─── Data listing ───
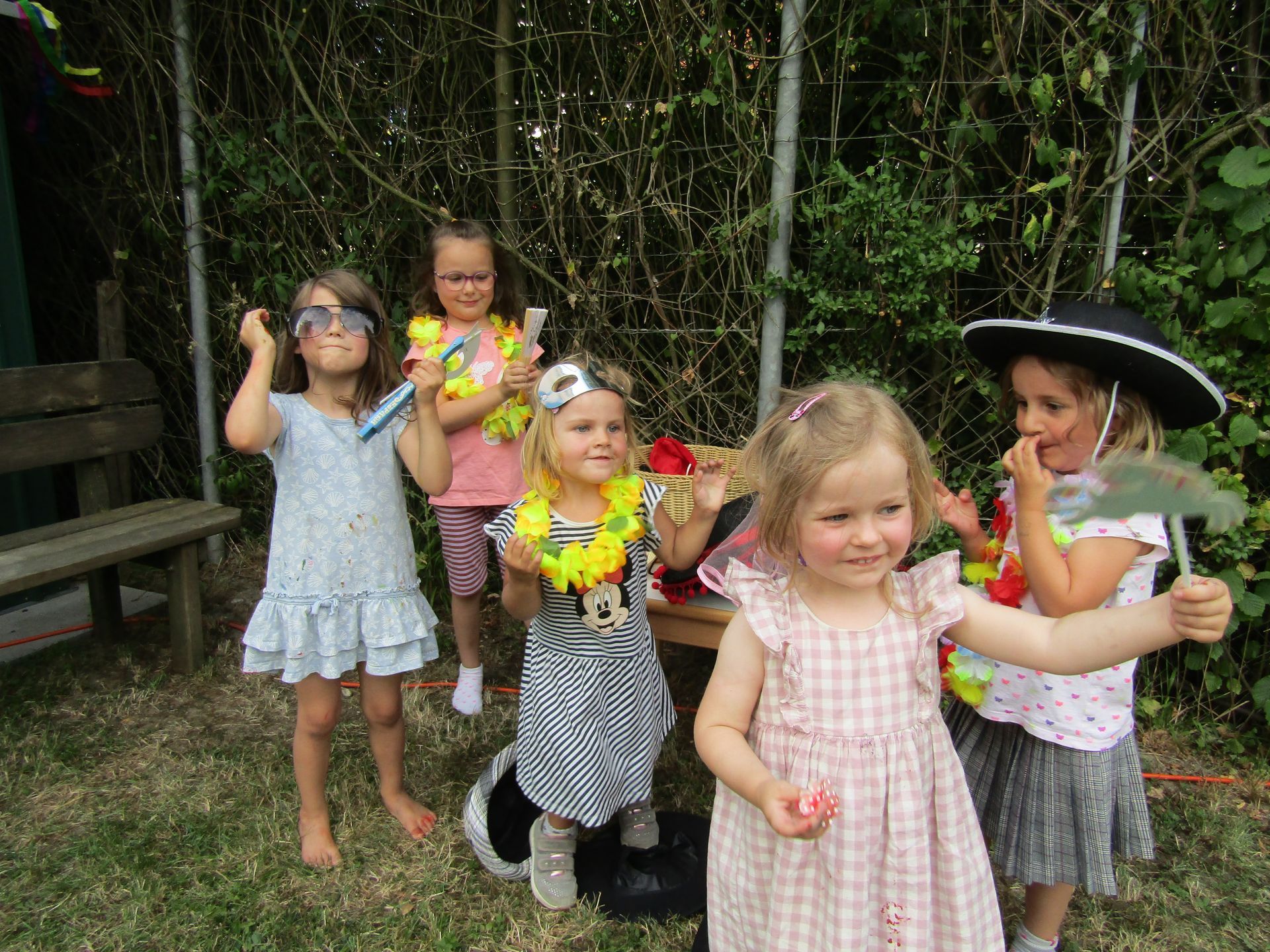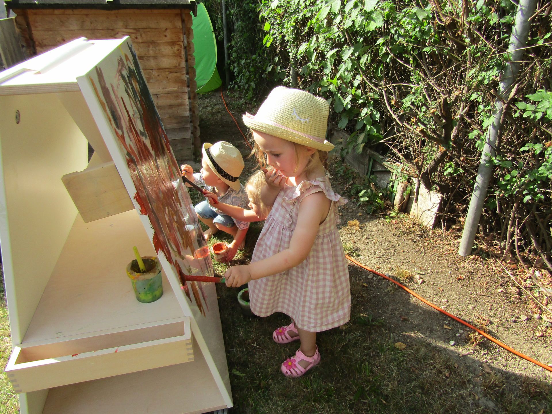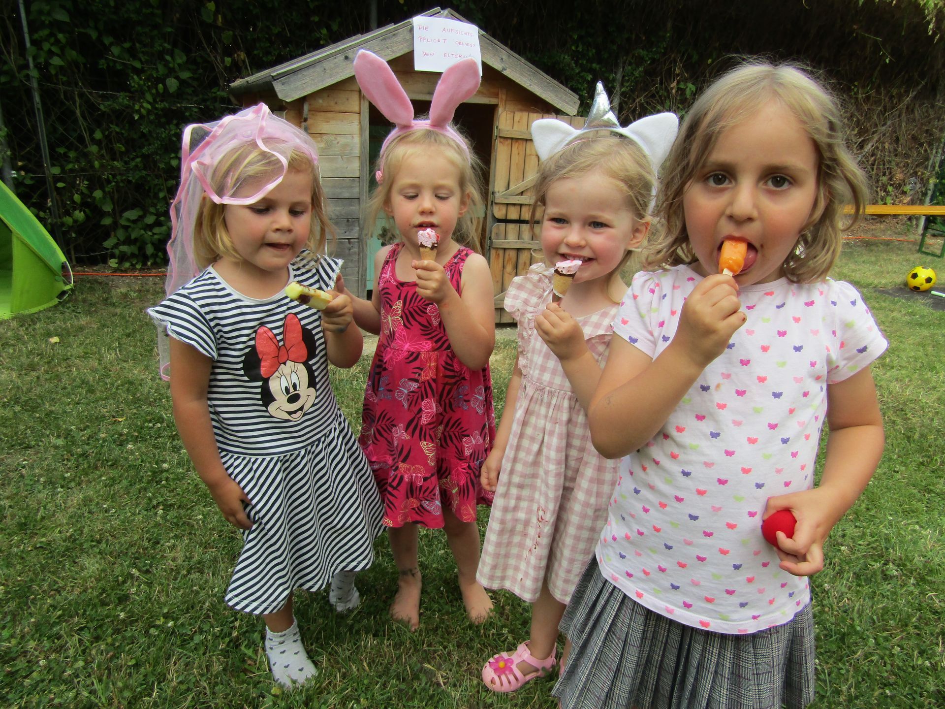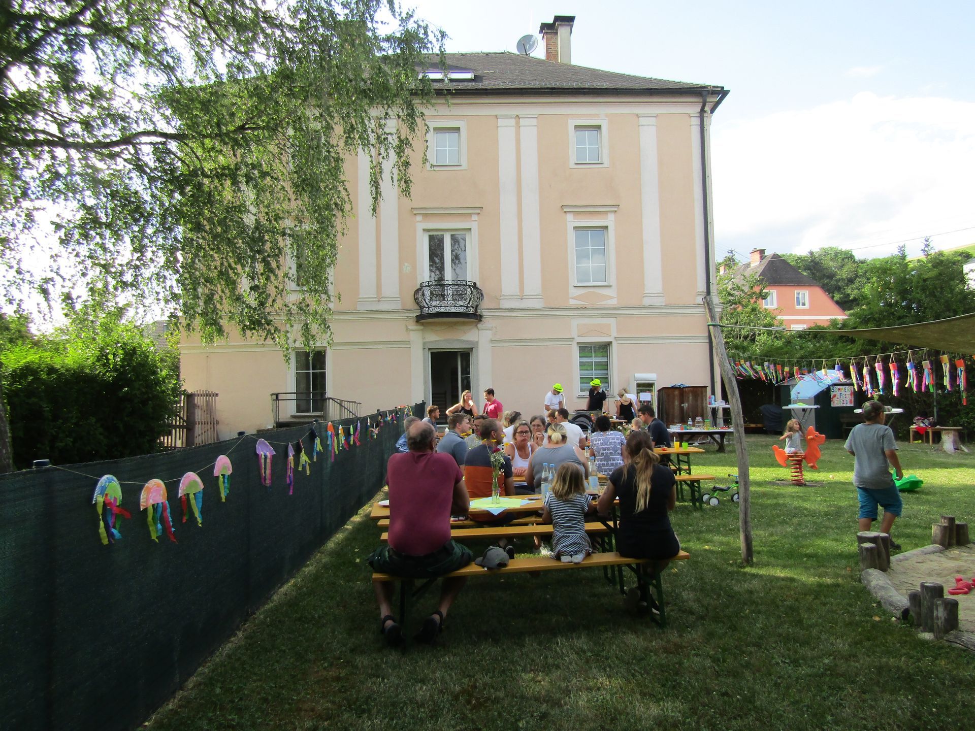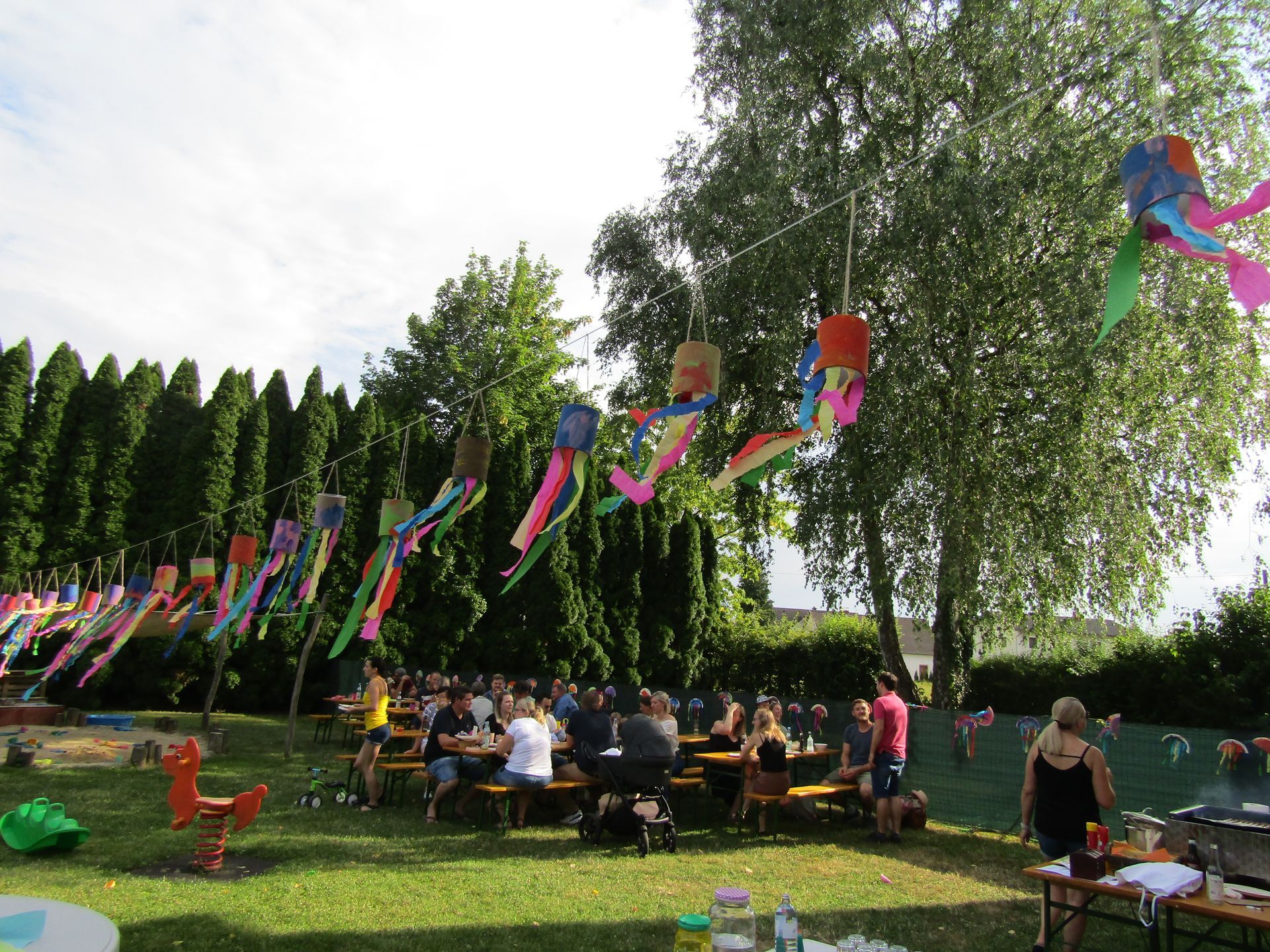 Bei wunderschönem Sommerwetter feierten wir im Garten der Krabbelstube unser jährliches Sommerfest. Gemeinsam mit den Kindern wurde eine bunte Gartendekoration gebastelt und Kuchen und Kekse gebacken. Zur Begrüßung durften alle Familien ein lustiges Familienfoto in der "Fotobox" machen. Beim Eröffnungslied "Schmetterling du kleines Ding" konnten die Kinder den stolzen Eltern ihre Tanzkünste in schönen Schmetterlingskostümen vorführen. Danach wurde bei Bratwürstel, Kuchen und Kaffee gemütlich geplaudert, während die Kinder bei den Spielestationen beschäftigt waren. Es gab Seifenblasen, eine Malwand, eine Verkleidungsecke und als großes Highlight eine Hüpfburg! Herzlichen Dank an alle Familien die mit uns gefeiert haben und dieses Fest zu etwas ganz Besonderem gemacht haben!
───
─── Data listing ───
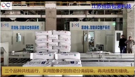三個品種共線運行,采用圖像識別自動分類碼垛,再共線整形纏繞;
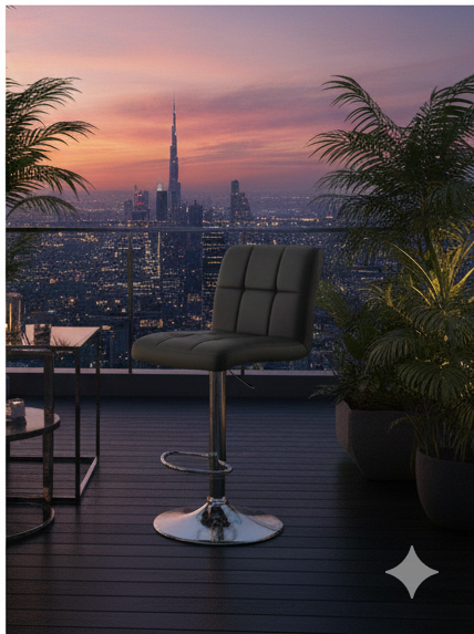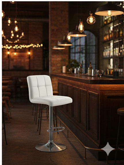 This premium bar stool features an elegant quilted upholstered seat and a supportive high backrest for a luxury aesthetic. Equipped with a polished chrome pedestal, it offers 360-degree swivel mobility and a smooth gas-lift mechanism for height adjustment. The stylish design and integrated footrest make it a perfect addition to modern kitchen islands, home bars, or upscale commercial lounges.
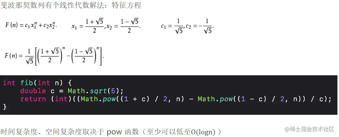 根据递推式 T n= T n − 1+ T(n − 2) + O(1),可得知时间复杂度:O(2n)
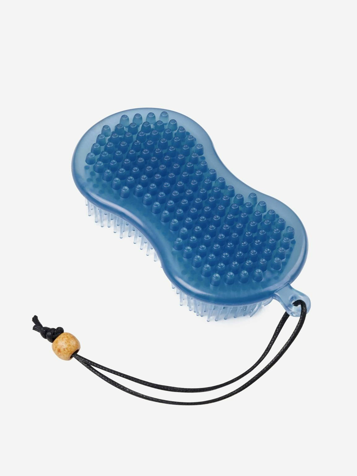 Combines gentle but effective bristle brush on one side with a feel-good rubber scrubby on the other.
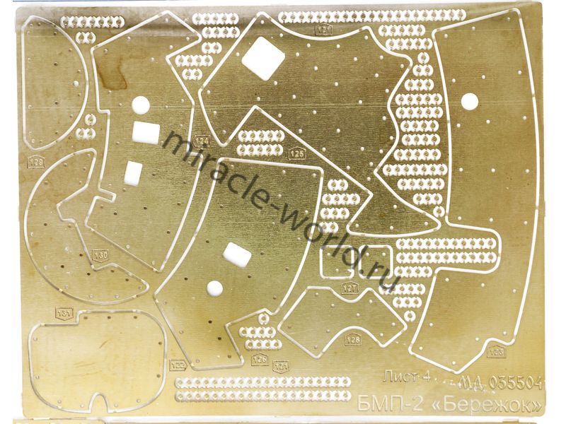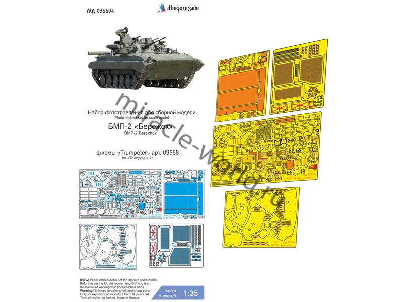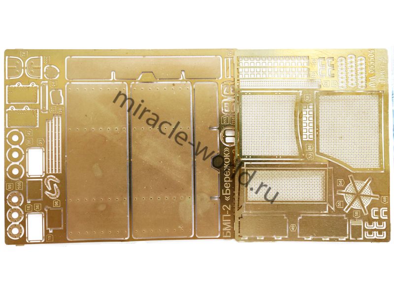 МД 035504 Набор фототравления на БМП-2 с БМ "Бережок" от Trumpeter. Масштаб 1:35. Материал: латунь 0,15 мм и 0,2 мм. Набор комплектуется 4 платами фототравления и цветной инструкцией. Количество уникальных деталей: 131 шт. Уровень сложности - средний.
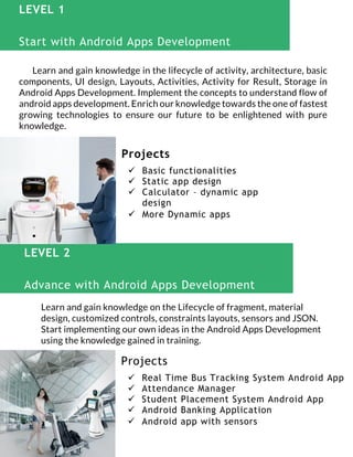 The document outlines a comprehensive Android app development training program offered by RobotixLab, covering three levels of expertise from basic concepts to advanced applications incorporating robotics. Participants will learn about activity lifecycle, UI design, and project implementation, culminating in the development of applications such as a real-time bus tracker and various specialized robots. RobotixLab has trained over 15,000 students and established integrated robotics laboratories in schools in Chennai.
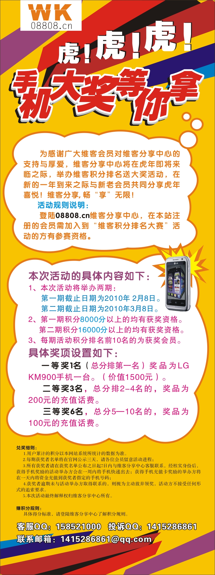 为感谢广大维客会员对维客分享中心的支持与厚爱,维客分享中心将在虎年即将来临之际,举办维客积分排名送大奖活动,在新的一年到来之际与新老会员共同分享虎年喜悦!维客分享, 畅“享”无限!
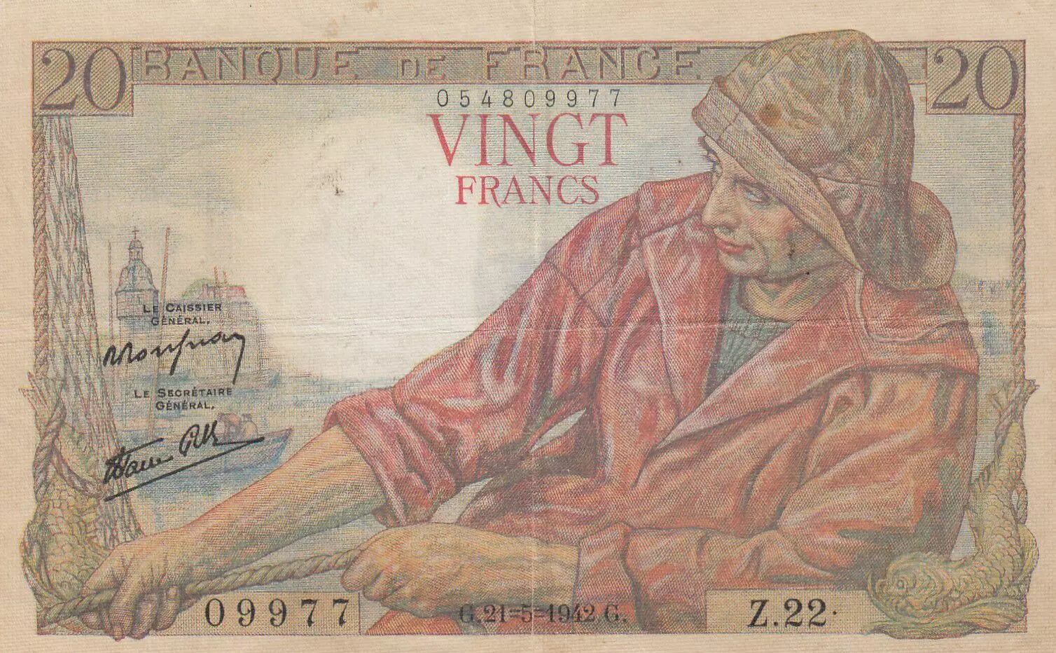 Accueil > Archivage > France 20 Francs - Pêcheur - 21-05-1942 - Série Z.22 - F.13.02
───
#### Exercise instructions
Nothing but the lines above from the line with "This premium bar" up to and including the line with "Accueil > Archivage" should be returned, exactly as written and without pictures.

#### Task result
 This premium bar stool features an elegant quilted upholstered seat and a supportive high backrest for a luxury aesthetic. Equipped with a polished chrome pedestal, it offers 360-degree swivel mobility and a smooth gas-lift mechanism for height adjustment. The stylish design and integrated footrest make it a perfect addition to modern kitchen islands, home bars, or upscale commercial lounges.
 根据递推式 T n= T n − 1+ T(n − 2) + O(1),可得知时间复杂度:O(2n)
 Combines gentle but effective bristle brush on one side with a feel-good rubber scrubby on the other.
 МД 035504 Набор фототравления на БМП-2 с БМ "Бережок" от Trumpeter. Масштаб 1:35. Материал: латунь 0,15 мм и 0,2 мм. Набор комплектуется 4 платами фототравления и цветной инструкцией. Количество уникальных деталей: 131 шт. Уровень сложности - средний.
 The document outlines a comprehensive Android app development training program offered by RobotixLab, covering three levels of expertise from basic concepts to advanced applications incorporating robotics. Participants will learn about activity lifecycle, UI design, and project implementation, culminating in the development of applications such as a real-time bus tracker and various specialized robots. RobotixLab has trained over 15,000 students and established integrated robotics laboratories in schools in Chennai.
 为感谢广大维客会员对维客分享中心的支持与厚爱,维客分享中心将在虎年即将来临之际,举办维客积分排名送大奖活动,在新的一年到来之际与新老会员共同分享虎年喜悦!维客分享, 畅“享”无限!
 Accueil > Archivage > France 20 Francs - Pêcheur - 21-05-1942 - Série Z.22 - F.13.02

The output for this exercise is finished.